Another proposed option would require all U.N. member nations to make up-front payments into a fund. Governments would contribute at a level appropriate to the scale of their respective countries’ marine biotechnology industry. But developing nations saw initial figures proposed in New York as grossly insufficient, according to Henry Novion, an independent consultant who was part of the Brazilian delegation. According to Jaspars, a pot of roughly $100 million annually, accrued from national contributions, would be a reasonable offering. A recent IUCN briefing proposed a one-off fund of $500 million to kick-start high-seas ocean conservation, bolstered by future revenue streams such as royalties or user fees for data.

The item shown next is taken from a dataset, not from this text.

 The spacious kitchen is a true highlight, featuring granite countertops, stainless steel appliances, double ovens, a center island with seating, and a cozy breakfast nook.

Complicating matters is the fact that genetic resources include not just physical specimens but gene sequence data uploaded to repositories such as GenBank. These data can then be downloaded and synthesized into compounds in a lab that can be used to develop a new product. Increasingly, this digital sequence information, or DSI, is all a company needs to create and mass-produce a product. For example, kahalalide F—a compound that was isolated from a sea slug and that is being tested against cancers and psoriasis—is created synthetically from DSI. When the Spanish company PharmaMar licensed it to Medimetriks, the U.S. firm testing it for psoriasis, all Medimetriks needed was the sequence data (basically, computer code). “Over time, the focus has moved from collecting a zebra fish or a starfish to collecting a tiny little sample of that thing to collecting just the genetic sequence data. At this point, you may not even need the zebra fish,” says Robert Blasiak, an ocean governance researcher at the Stockholm Resilience Center.

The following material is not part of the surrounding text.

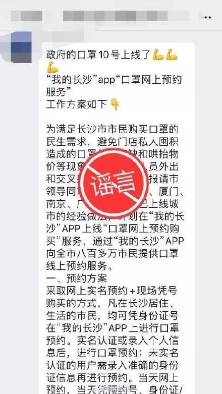 真相:該消息不屬實。這是一則看似較為“完善”的服務方案,打著長沙市政府的旗號,把預約規則、操作步驟、責任分工等說得清清楚楚,讓不少網友信以為真。經了解,“我的長沙”APP上并未公布該方案,也沒有相關預約入口, 通過致電12345長沙市民服務熱線獲悉,長沙市政府并未出臺相關方案,“我的長沙”APP也從未接到任何口罩預約服務的有關通知。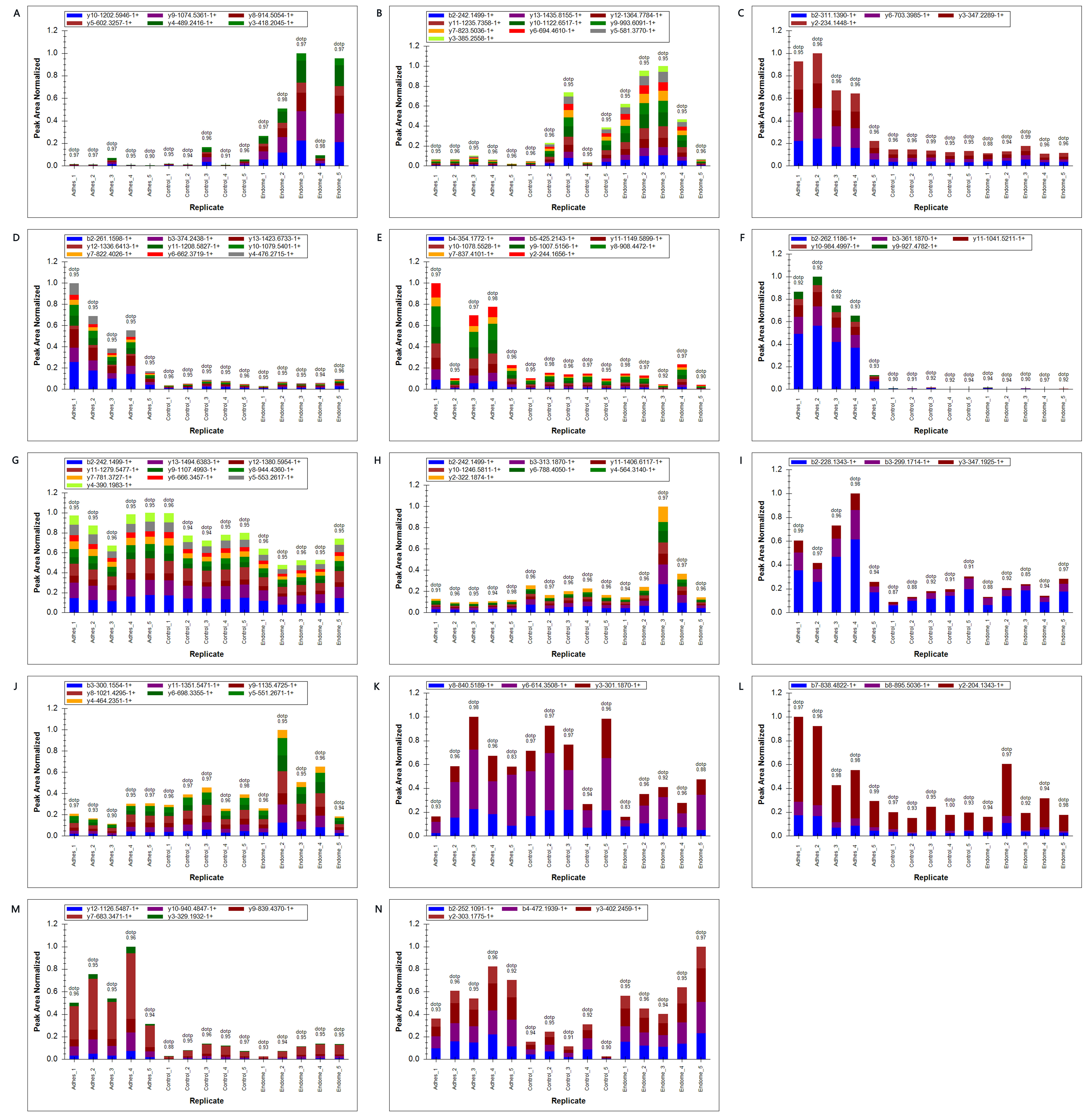 To verify the above proteomic data results, we selected DEPs with lower p-values and higher enrichment multiples, and many specific peptide segments, which are also functional proteins or transcription factors, but do not include cytoskeletal proteins, to pick up to 20 target proteins. Subsequently, 1–2 specific peptide segments were selected to quantify the 20 target proteins using the method of fragment ion peak area. Finally, 14 proteins were successfully detected and quantified (ADIPOQ, ABHD6, CAMK2G, IRAG1, MYLK, SYNPO2, PTPN11, PROS1, SLC4A1, TGFB1, HLA-DRB3, COQ6) (Table 2) through the peak area. The rest of the data is available in Fig. 6. These target proteins were with high fold change and low p-value and most of them have significant enrichment in certain KEGG pathways. The results are in high agreement with those of LFQ proteomics, which appear to serve as reliable confirmations of protein changes.

Developing products from DSI has huge advantages: the approach requires no harvesting of ocean animals, plants or microorganisms, and its commercial potential is virtually limitless because a gene sequence can be sold online multiple times. “DSI is now the most valuable source for commercialization of marine genetic resources,” Gjerde says.

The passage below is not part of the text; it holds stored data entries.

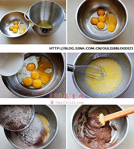 2、可可面糊非常容易消泡,所以我这5个小个鸡蛋也只做了4个四寸的可可蛋糕,若是普通面糊,估计能做出4-5个小蛋糕来。[sushi.laoyanhuo.com]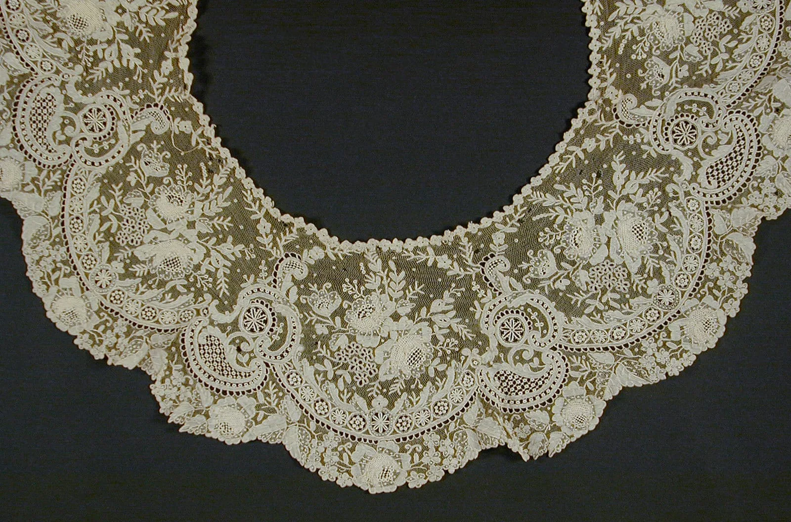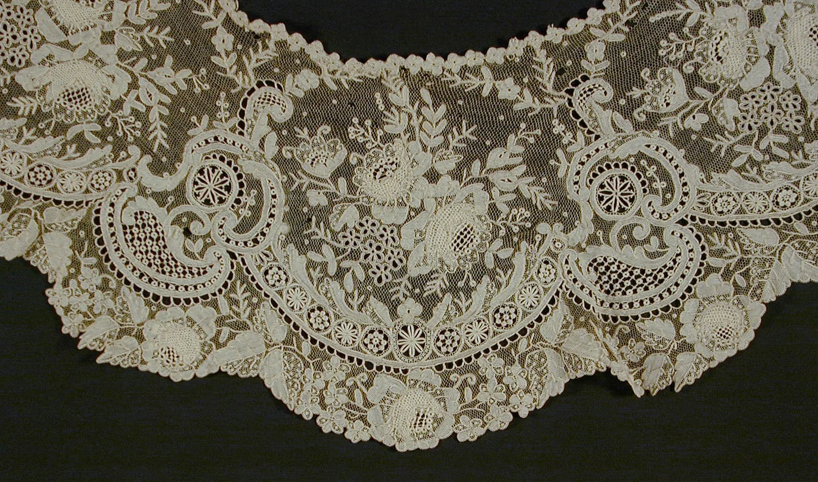 Cream-colored lace collar spread flat, featuring a dense allover pattern of scrolling motifs, flowering branches, birds, and scalloped lower border on a fine net ground
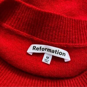 Reformation’s Dana cashmere long sleeve crewneck sweater in red, size medium (pit to pit: 19.5 in, length: 20 in)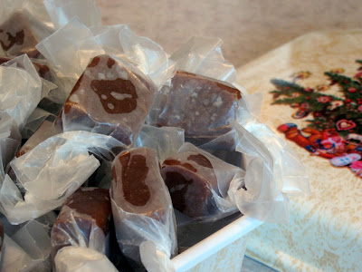 - Sprinkle the sea salt over the top of the caramel and then use clean hands to press the salt lightly into the caramel so that it sticks and does not brush off. Remove the caramel, using the foil overhang, from the pan. Press a square of parchment paper lightly into the top of the caramel and then invert it. Slowly and carefully peel the foil away from the caramel. Sprinkle sea salt onto the back side as well, pressing it once again lightly into the caramel. Use an oiled knife to slice a 9 by 9 grid--i.e., you will get 81 1-inch caramels. Wrap each one into cellophane or wax paper.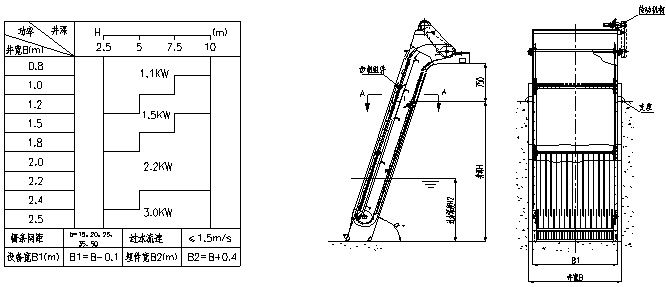 在電機驅動下,通過減速機減速后,帶動鏈輪與鏈條運動,固定在回轉鏈條上除污齒耙鏈條在柵后運動到底部,經過導輪后翻轉到柵前迎水面的位置,繼續運動插入固定柵條的間隙中上行,把柵前攔截的污物提升帶出水面,并隨著鏈條的運動到出渣口處自動翻轉,污物自卸到格柵后的輸送機或渣桶中,完成除污過程,液體則通過柵條的柵隙流過,整個工作狀態連續循環進行。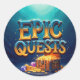 Uma pintura aquosa vibrante com a frase "Epic Quests" em uma escrita artística ousada. As letras são enfeitadas com sotaques de ouro a brilhar e rodeadas por um tesouro cheio de joias e moedas de ouro. O fundo é um fundo azul profundo, reminiscente das profundezas do oceano, acrescentando ao senso de aventura e caça ao tesouro.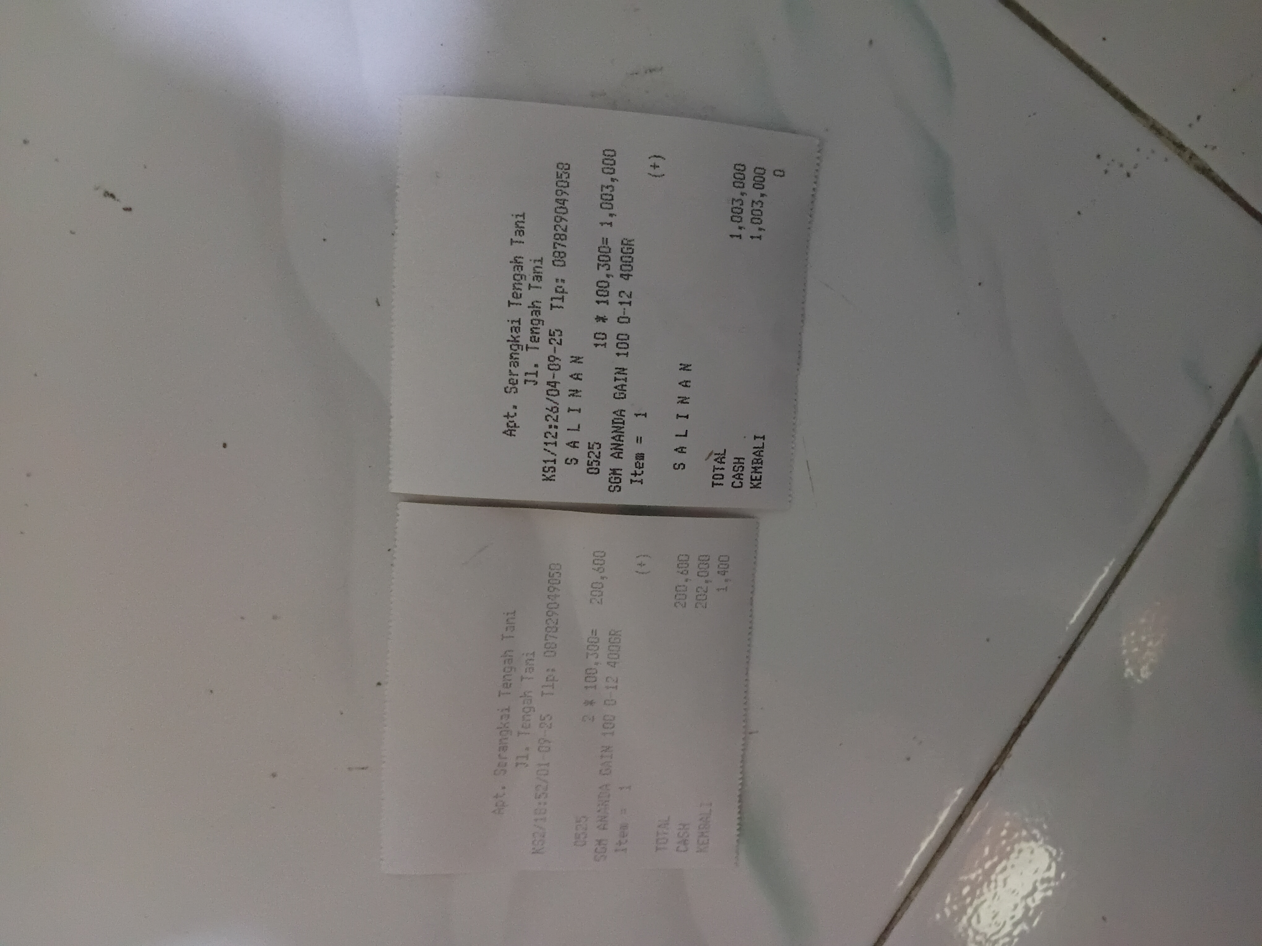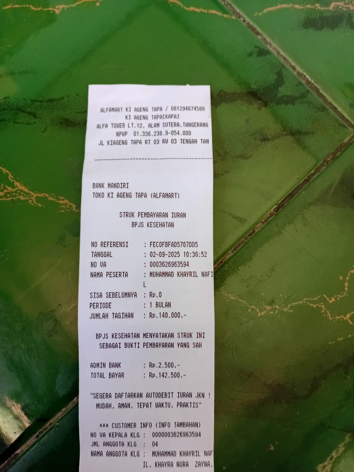 Dana digunakan untuk 1. Pembelian Susu SGM Gain 100 12 box x Rp107.000 = Rp1.284.000 2. Pembelian 6 bal Popok makuku M Rp250.000 3. Bayar BPJS Kesehatan September Rp140.000 4. Vitamin Prove D Rp240.0002025-09-02 08:42:52

DSI is currently unregulated, even within the Nagoya Protocol, which only addresses physical samples. U.N. member states are wary of including DSI in any monetary sharing plan for the high seas because it is virtually impossible to trace the origin of such information once it has been synthesized into a compound that is incorporated into a product. Tracking gets especially complex when a product is designed using genes from different organisms.
For example, researchers at the German chemical conglomerate BASF have decoded the genetic sequence responsible for producing omega-3 fatty acids in a marine microbe, and they have spliced the sequence into a rapeseed plant to make it produce omega-3-enriched canola oil for human consumption.
Although the Nagoya Protocol doesn’t include DSI, four nations—Brazil, India, Malawi and South Africa—do officially regulate it. The Brazilian system focuses on companies’ compliance, rewarding them for reporting the use of genetic resources with an ethical biotrading certification. In exchange, companies pay 1 percent of their revenue into a fund.
In theory, a similar system could work for the high seas, perhaps administered by nations as a tax on marine products. “In the Brazilian system,” Novion says, “it doesn’t matter whether you got a sample from Kew Gardens [a botanical garden in England] or you downloaded it from a server. It’s the same.”